==== Input data ====

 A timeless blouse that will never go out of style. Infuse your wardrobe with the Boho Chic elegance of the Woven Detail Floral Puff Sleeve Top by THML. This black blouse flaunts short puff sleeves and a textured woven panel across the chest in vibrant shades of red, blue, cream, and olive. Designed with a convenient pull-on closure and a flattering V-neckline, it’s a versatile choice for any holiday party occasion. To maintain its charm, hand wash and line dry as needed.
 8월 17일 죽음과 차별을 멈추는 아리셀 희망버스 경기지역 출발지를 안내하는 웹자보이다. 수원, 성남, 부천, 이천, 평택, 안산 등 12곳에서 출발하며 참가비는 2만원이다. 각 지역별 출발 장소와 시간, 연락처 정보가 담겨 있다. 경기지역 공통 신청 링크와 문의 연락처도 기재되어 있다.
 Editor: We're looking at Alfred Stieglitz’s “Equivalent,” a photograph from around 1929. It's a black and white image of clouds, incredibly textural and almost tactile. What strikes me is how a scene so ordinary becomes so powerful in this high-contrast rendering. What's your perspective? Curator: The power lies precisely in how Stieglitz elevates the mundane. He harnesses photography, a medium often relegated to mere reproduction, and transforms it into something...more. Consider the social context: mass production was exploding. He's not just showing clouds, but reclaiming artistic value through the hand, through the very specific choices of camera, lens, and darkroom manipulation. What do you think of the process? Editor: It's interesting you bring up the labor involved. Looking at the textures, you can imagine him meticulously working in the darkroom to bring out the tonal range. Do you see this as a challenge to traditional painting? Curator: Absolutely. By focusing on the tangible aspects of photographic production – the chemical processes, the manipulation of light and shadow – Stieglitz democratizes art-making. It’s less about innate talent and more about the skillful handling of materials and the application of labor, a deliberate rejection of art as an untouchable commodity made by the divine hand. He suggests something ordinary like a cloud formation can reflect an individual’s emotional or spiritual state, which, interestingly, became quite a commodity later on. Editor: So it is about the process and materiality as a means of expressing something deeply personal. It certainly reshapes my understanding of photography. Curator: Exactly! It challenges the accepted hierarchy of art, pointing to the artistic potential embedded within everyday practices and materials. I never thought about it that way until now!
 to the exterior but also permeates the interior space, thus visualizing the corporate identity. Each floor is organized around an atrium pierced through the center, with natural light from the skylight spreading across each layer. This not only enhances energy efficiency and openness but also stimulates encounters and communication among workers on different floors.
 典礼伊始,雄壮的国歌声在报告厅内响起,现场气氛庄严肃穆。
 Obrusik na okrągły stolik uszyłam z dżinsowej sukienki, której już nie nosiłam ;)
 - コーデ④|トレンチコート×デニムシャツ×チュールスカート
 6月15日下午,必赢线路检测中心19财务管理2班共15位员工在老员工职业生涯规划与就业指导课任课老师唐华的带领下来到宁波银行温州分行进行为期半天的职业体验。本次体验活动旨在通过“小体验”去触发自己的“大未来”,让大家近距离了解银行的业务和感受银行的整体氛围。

====

* **Work request**: An exact retyping of the full listing is required.

* **Task response**:
 A timeless blouse that will never go out of style. Infuse your wardrobe with the Boho Chic elegance of the Woven Detail Floral Puff Sleeve Top by THML. This black blouse flaunts short puff sleeves and a textured woven panel across the chest in vibrant shades of red, blue, cream, and olive. Designed with a convenient pull-on closure and a flattering V-neckline, it’s a versatile choice for any holiday party occasion. To maintain its charm, hand wash and line dry as needed.
 8월 17일 죽음과 차별을 멈추는 아리셀 희망버스 경기지역 출발지를 안내하는 웹자보이다. 수원, 성남, 부천, 이천, 평택, 안산 등 12곳에서 출발하며 참가비는 2만원이다. 각 지역별 출발 장소와 시간, 연락처 정보가 담겨 있다. 경기지역 공통 신청 링크와 문의 연락처도 기재되어 있다.
 Editor: We're looking at Alfred Stieglitz’s “Equivalent,” a photograph from around 1929. It's a black and white image of clouds, incredibly textural and almost tactile. What strikes me is how a scene so ordinary becomes so powerful in this high-contrast rendering. What's your perspective? Curator: The power lies precisely in how Stieglitz elevates the mundane. He harnesses photography, a medium often relegated to mere reproduction, and transforms it into something...more. Consider the social context: mass production was exploding. He's not just showing clouds, but reclaiming artistic value through the hand, through the very specific choices of camera, lens, and darkroom manipulation. What do you think of the process? Editor: It's interesting you bring up the labor involved. Looking at the textures, you can imagine him meticulously working in the darkroom to bring out the tonal range. Do you see this as a challenge to traditional painting? Curator: Absolutely. By focusing on the tangible aspects of photographic production – the chemical processes, the manipulation of light and shadow – Stieglitz democratizes art-making. It’s less about innate talent and more about the skillful handling of materials and the application of labor, a deliberate rejection of art as an untouchable commodity made by the divine hand. He suggests something ordinary like a cloud formation can reflect an individual’s emotional or spiritual state, which, interestingly, became quite a commodity later on. Editor: So it is about the process and materiality as a means of expressing something deeply personal. It certainly reshapes my understanding of photography. Curator: Exactly! It challenges the accepted hierarchy of art, pointing to the artistic potential embedded within everyday practices and materials. I never thought about it that way until now!
 to the exterior but also permeates the interior space, thus visualizing the corporate identity. Each floor is organized around an atrium pierced through the center, with natural light from the skylight spreading across each layer. This not only enhances energy efficiency and openness but also stimulates encounters and communication among workers on different floors.
 典礼伊始,雄壮的国歌声在报告厅内响起,现场气氛庄严肃穆。
 Obrusik na okrągły stolik uszyłam z dżinsowej sukienki, której już nie nosiłam ;)
 - コーデ④|トレンチコート×デニムシャツ×チュールスカート
 6月15日下午,必赢线路检测中心19财务管理2班共15位员工在老员工职业生涯规划与就业指导课任课老师唐华的带领下来到宁波银行温州分行进行为期半天的职业体验。本次体验活动旨在通过“小体验”去触发自己的“大未来”,让大家近距离了解银行的业务和感受银行的整体氛围。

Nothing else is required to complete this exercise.